No more mindlessly throwing in stuff because “it looks good” or “hey, I didn’t know that ____ had a hechsher!” (Guilty as charged.)

No more shopping when you haven’t eaten in eight hours and therefore end up buy $40 worth of convenience foods, because you must eat within 12 seconds of walking in the front door.

No more buying a jar of mayo, only to come home and realize that you had four other half-used jars of mayo already littering the top shelf of your fridge.

No more shopping without a list. No more magazines, candy bars, or cold bottles of water — unless they are on that shopping list.

The goal here is simply to be intentional about what you buy. Even if it’s a $6 jar of hearts of palm, know that you’re buying it because you need it for a recipe you plan to make that Shabbat — and not because of any other impulse.

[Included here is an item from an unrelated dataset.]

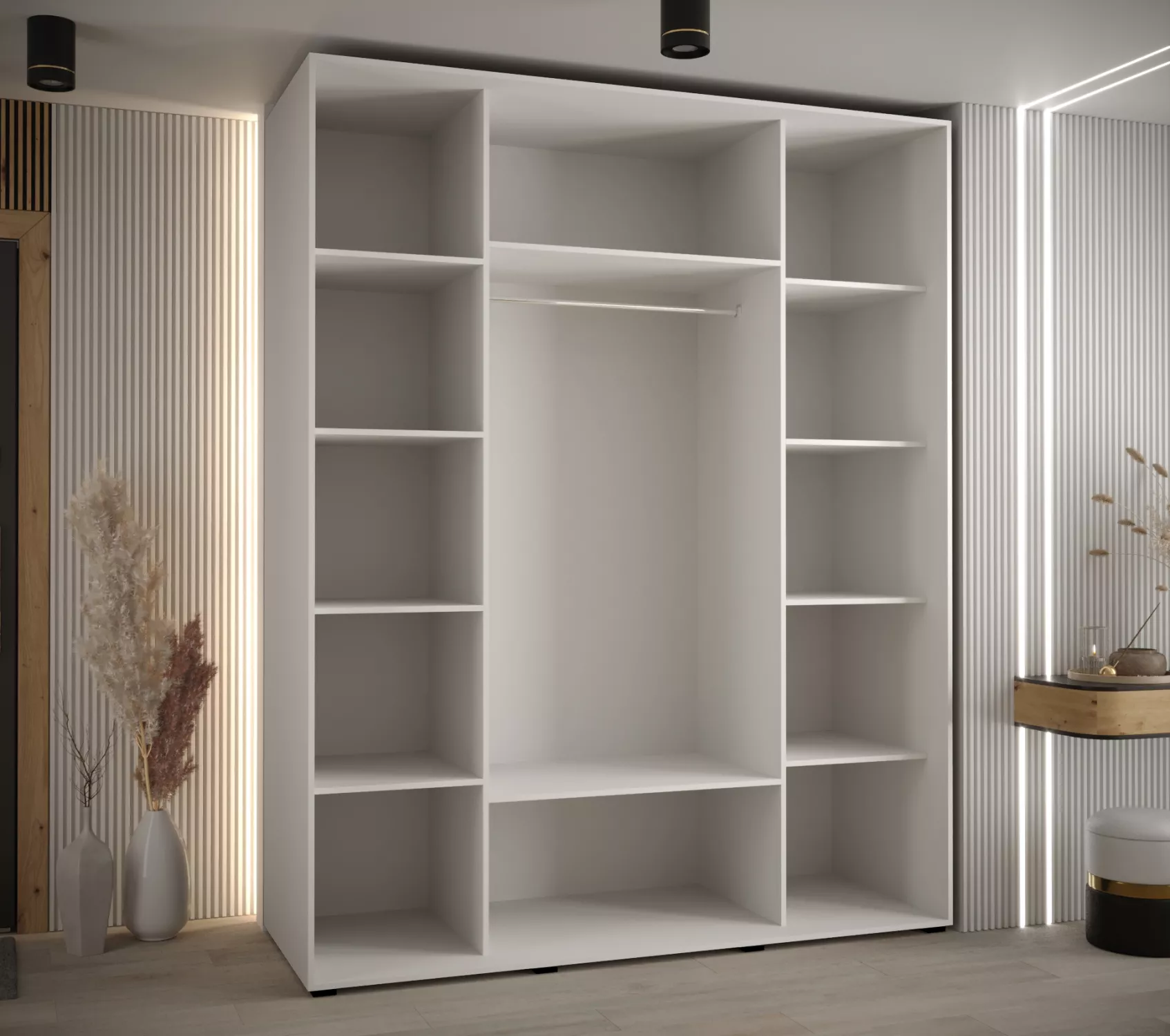 Šatní skříň ASIRI zaujme svým moderním designem a praktickými prvky. Šatní skříň má posuvné dveře, které se neotvírají do prostoru a ušetří tak spoustu místa.

Perhaps you already are intentional at the store. I know I think I am.

But when I really, really pay attention to what I’m doing at the store, you know what? I save some money. Maybe it’s only $10 a week, but hey, that’s 10% off my monthly grocery budget.

And if you’re spending $1000 or $1200 a month — which I think is pretty typical for frum families with kids (at least based on the comments in this post at Orthonomics) — a 10% savings is $120/month. (Although I’m guessing that there’s more “fat” that can be trimmed by paying attention to a $1,200 budget than to a $400 one.)

Pretty cool, huh? Almost $1500 a year just by paying attention.

Imagine what you’ll be able to do when you add back in coupons, stockpiling, CVsing and freebies!


  1. Paying attention is a lot of work! I just got back from the store and was super vigilant stacking coupons and only buying what we needed for shabbat. Then when I got out to the parking lot I looked at the receipt and realized the kid rang up my arugula twice because he realized we had a bag credit. So he gave us the 0.20$ bag credit while holding the arugula and then rang it up a second time. Sigh!

  2. Uch, I am so sorry. That stuff usually happens to me when I have all three kids and only realize it after they are all buckled into their car seats. I hope that arugula is doubly good 🙂

  3. I agree that there is no need to do every deal. Currently, my bathroom supply cabinet is stocked to the gills. I have shampoo and toothpaste coming out my ears, to say nothing of everything else. We aren’t getting the newspaper, so I don’t all of the ads. And that is OK. When the shampoo starts running low, I will get back on the bike because deals come along regularly enough. I don’t need to shop every great deal at every time. (Thanks for the link too).

  4. Hey Mara,
    Could you do a blog post on gift-giving? I’m staring at my Chanukah list and kind of freaking out. There is my Mom and Dad who do everything for me and I’m forever the most grateful for. There are my two kids – who already know I’m getting them one thing each (but what?). There is my sister, her husband and their three kids. So, compared to some people that’s not so many people but that’s not really the whole list that’s just the people who I want to make sure I give really nice Chanukah gifts to. I’m hoping you don’t say that you guys don’t give gifts on Chanukah – but just in general – what are your suggestions for holiday time when you have to give a bunch of gifts at once. I think you will say that you already have a bunch stocked up…
    Thanks in advance,

  5. Amy,

    Our family has been trying very diligantly to reduce the Hanukkah gift giving. My MIL would go way over the top. It was not what we wanted to teach our children about the hoilday. So we actually asked her to send smaller gifts, and if she wanted to send them more gifts to send them throughout the year. I also worked with both of my brothers to reduce the expectation. Together we decided to give a “family” gift. So I will get them a gift certificate to the movie theatre or a board game the whole family can enjoy. We all have a bunch of children and it was just too much to buy gifts for each and every one of them.

    Meanwhile, for our own kids we give them candy or something small on the majority of the night (they love Mike and Ikes) and usually only give them one gift of value (usually art supplies or winter slippers).

    The one thing we do do for our kids is getting tham a gift when they complete the school year (rather than oodles of bday or Hanukkah) presents).